When Chris Currah looks across the parking lot of his restaurant and shop at Sandbanks Provincial Park, he sees two large shipping containers that sit on or near the lot. The white and blue bins have been trucked in to help the business owner store the products he can no longer keep in the basement because high water from Lake Ontario is flooding in.

The basement of Currah's Park Store and Grill has five centimetres of water that he calls a "disaster." His staff now need to walk across the parking lot to retrieve boogie boards, water wings and take-out containers. Some of the kitchen supplies are being kept in a corner of the dining room, while black plastic, corrugated tubing runs along the upstairs to help pump the water out.

"The ground water has nowhere to go because we are essentially as low as the water table right now," Mr. Currah said.

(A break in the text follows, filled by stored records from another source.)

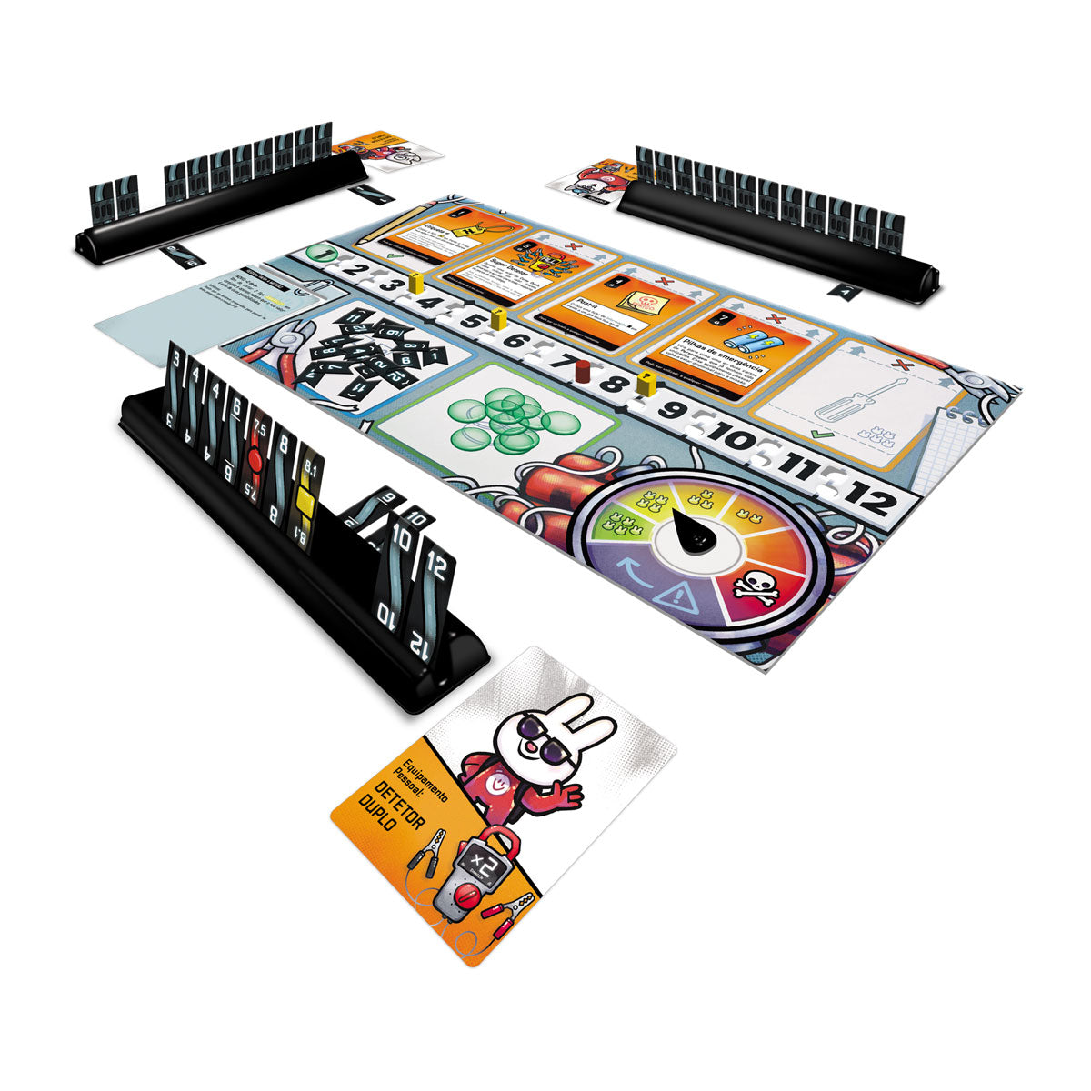 Há uma bomba cheia de fios e a contagem decrescente começou… Quem vai ser chamado? VOCÊS, os Caça Bombas! Para desativarem a bomba, têm de COLABORAR como um grupo unido de especialistas em bombas e armadilhas! Utilizando os fios no suporte de peças à vossa frente, devem DESCOBRIR todos os fios dos vossos colegas. Encontrem e cortem os fios idênticos, mas cuidado! Se cortarem um fio VERMELHO: BOOM! Utilizem os vossos equipamentos com sabedoria para enfrentarem os vários desafios, que se tornarão cada vez mais difíceis. Tiquetaque, tiquetaque… Conseguirão descobrir tudo antes que seja tarde demais?
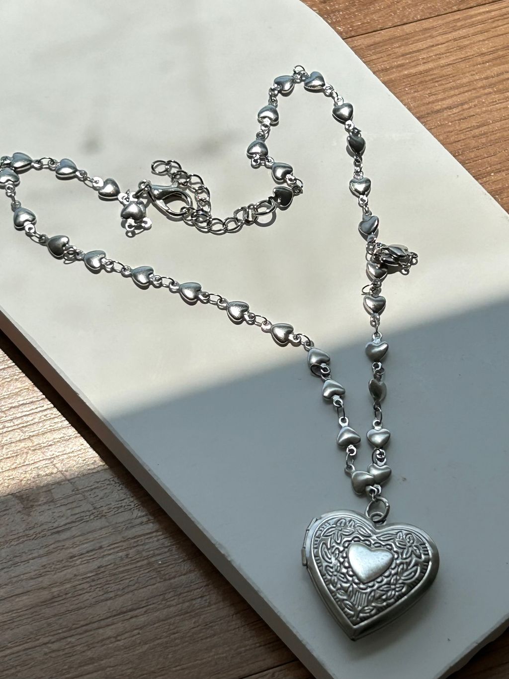 尺寸 :链长40cm + 延长链5cm 爱心直径3cm重量 :15g产品和模特图都皆为实物拍摄由于拍照灯光等因素,可能会有反光现象银饰配饰非全抛光质感 每款会有微小瑕疵 属于正常现象保养方式:避免直接与高温发性物质接触,容易导致饰品褪色为了延长佩戴时间,不佩戴时收纳在布袋或首饰箱哦。
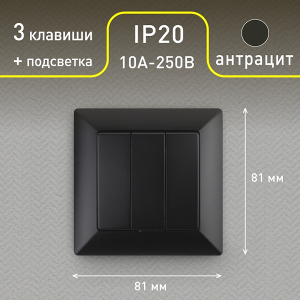 4-106-05 Intro Выключатель тройной, 10А-250В, СУ, Solo, антрацит (10/200/2400)
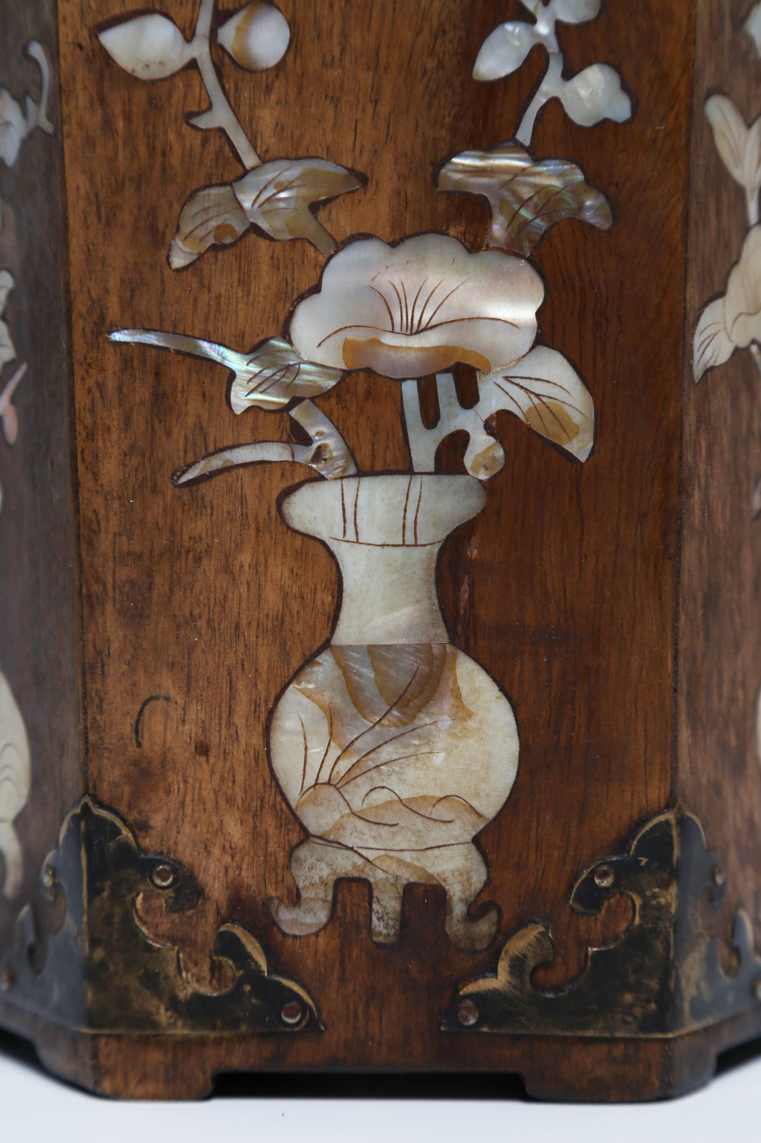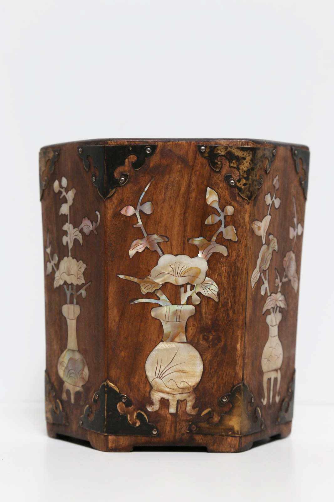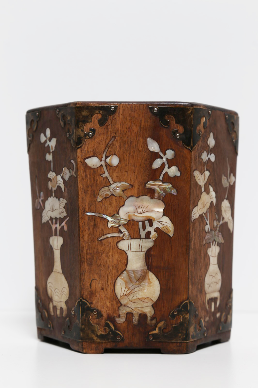 Arte Cinese Portapennelli esagonale in legno intarsiato con madreperla Cina, XIX - XX secolo. -. Cm 17,00 x 18,00.
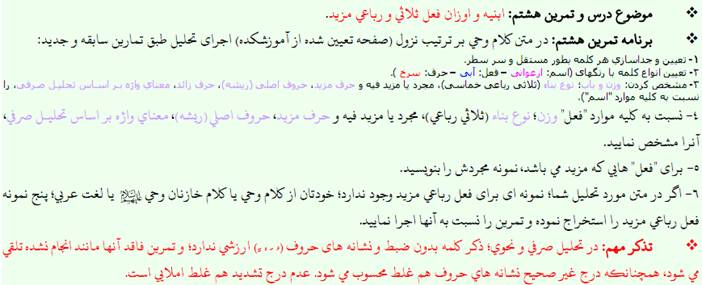 تمرین 8 صرف فصیح - سطح 1
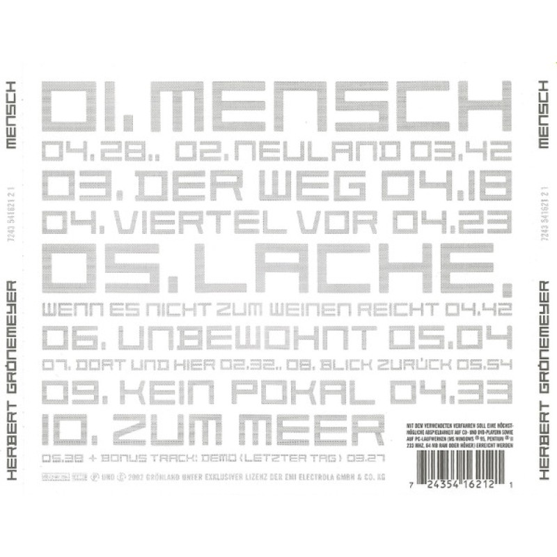 Notes: Released in a printed jewel case with clear tray and 16-page booklet. Studios: Grönland, Mayfair St 1-2, RAK, Abbey Road. ℗ und © 2002 Grönland unter exklusiver Lizenz der EMI Electrola GmbH & Co. KG Made in EU Track 11: – total duration of 20:40 min, featuring merely circa 6:40 min of music – contains a hidden track by Felix Grönemeyer, the son of Herbert Grönemeyer. – cue list: Track 11.a 00:00 - 03:27 (03:27) „Demo (Letzter Tag)“ performed by Herbert Grönemeyer and listed on the artwork Track 11.b 03:28 - 17:26 (13:58) silence Track 11.c 17:26 - 20:40 (03:13) untitled hidden track performed by Felix Grönemeyer, both not mentioned on the artwork
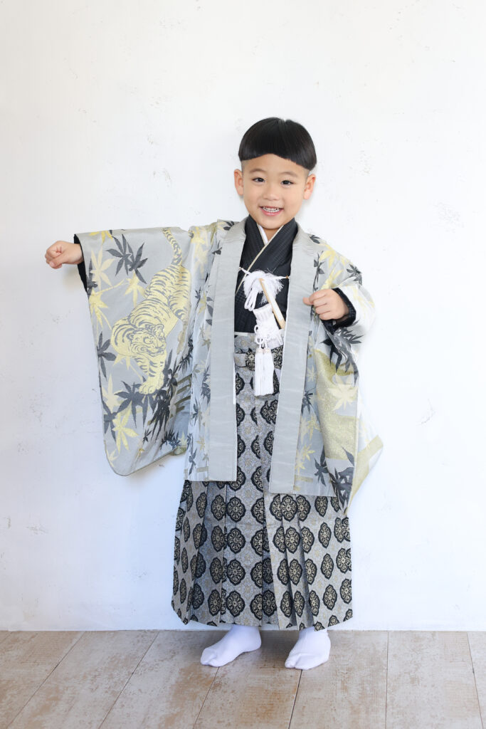 柄が気に入って自分で選んだ着物とのこと。ポーズがちょうどトラを見せるポーズになっていて最高!
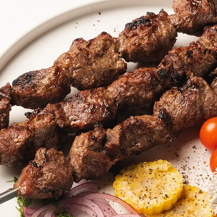 Сочные, нежные кусочки мраморной говядины не содержат костей, имеют мягкую упругую текстуру, выраженную мраморность, насыщенный говяжий вкус с пикантными грибными нотами и пряный землистый аромат. Маринад размягчает мясо, придавая ему тающую текстуру.
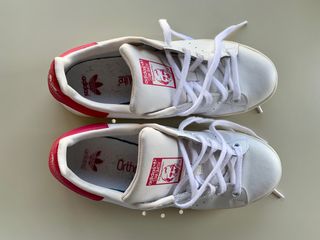 Zapatillas Adidas Stan Smith, logo fucsia, talla 38 2/3. En perfecto estado.
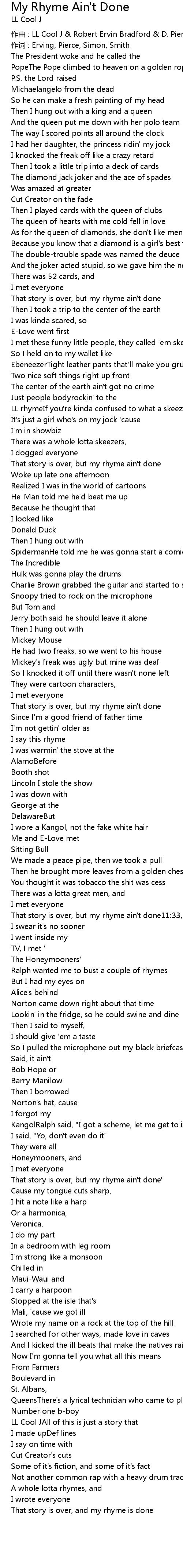 | That story is over, but my rhyme ain' t done11: 33, | |
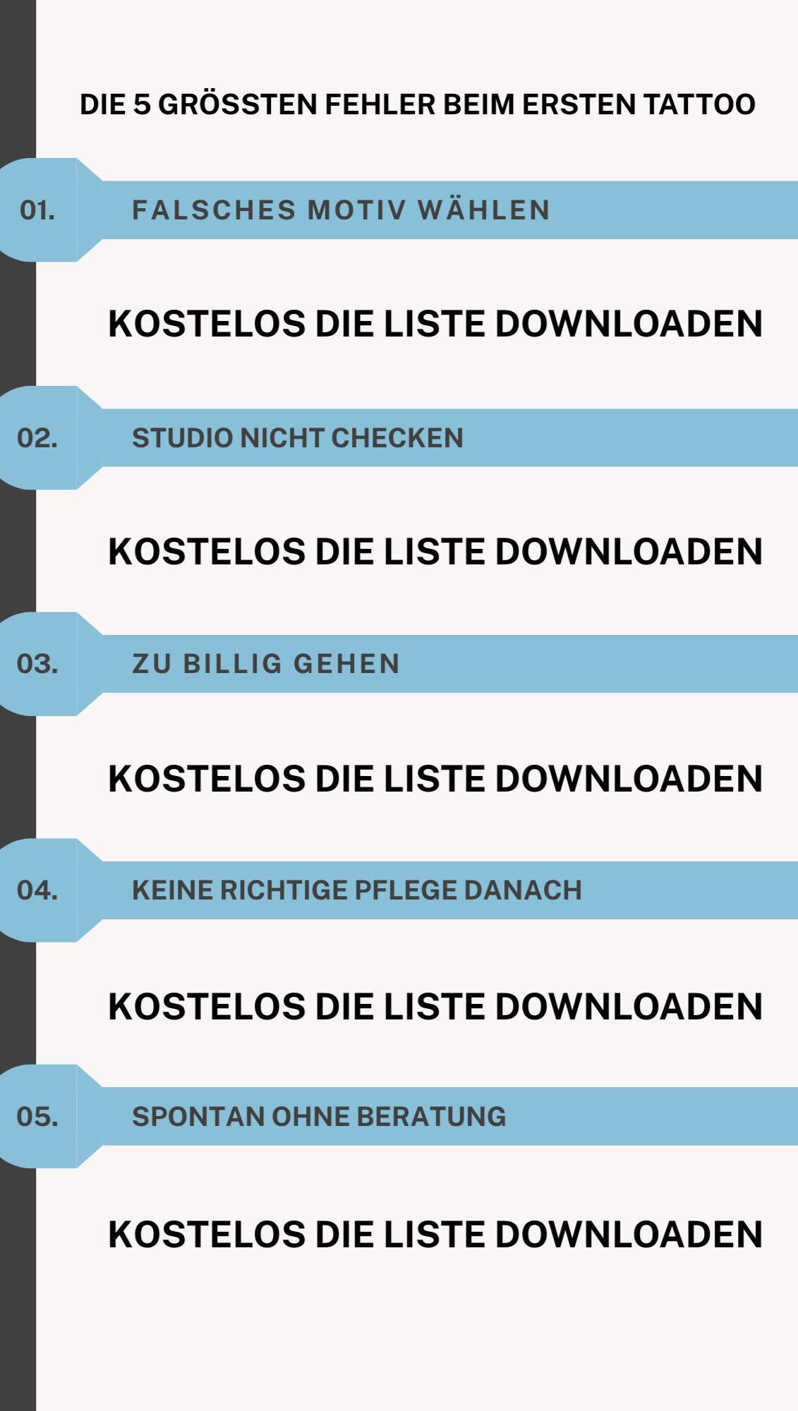✔️ Ehrlich, direkt & aus der PraxisDu sparst dir schmerzhafte FehlentscheidungenErhalte sofort Klarheit & Sicherheit vor deinem ersten Tattoo
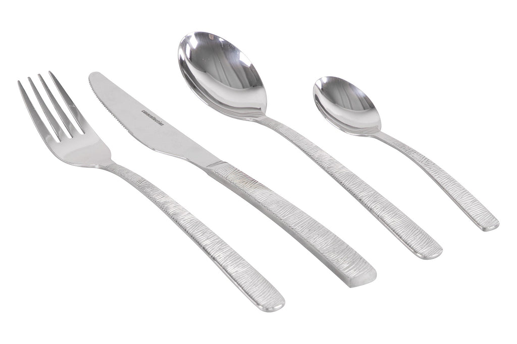 - Das Set besteht aus: 6 Messer, 6 Gabeln, 6 Löffel, 6 Teelöffel
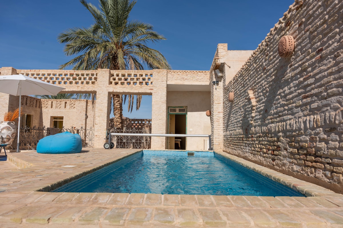 It is a calm and private property recently renovated situated in the midst of a palm tree field, slightly away from town. Adjacent to it is a date factory. The house is equipped with necessary amenities such as a swimming pool, kitchen, and wifi to ensure your holiday is comfortable. Meilleure qualité prix voir les commentaires.

The current water level on Lake Ontario is 75.75 metres above sea level, down from a peak of 75.88 metres reached on May 29, according to water resources engineer Jacob Bruxer, who works with the Great Lakes-St. Lawrence Regulation Office and Environment and Climate Change Canada.

"It is still above the previous record high for this time of year, this time of July back in 1952. It's still quite high but on its way down very gradually," Mr. Bruxer said.

Sandbanks is one of at least three provincial parks that border Lake Ontario and continue to deal with the effects of flooding from still-high water levels, making for a soggy summer trip for some families as park and beach season kicks into high gear.

Presqu'ile Provincial Park near Brighton as well as Darlington Provincial Park near Oshawa are also coping with excess water. According to Greg Walsh, who manages several parks in southeastern Ontario, at Presqu'ile, 13 of 397 campsites remain closed, the entire beach is underwater and the main entrance and boardwalk are submerged. Staff at Presqu'ile have been forced from their office because of flooding and are having to use a temporary trailer to conduct park business.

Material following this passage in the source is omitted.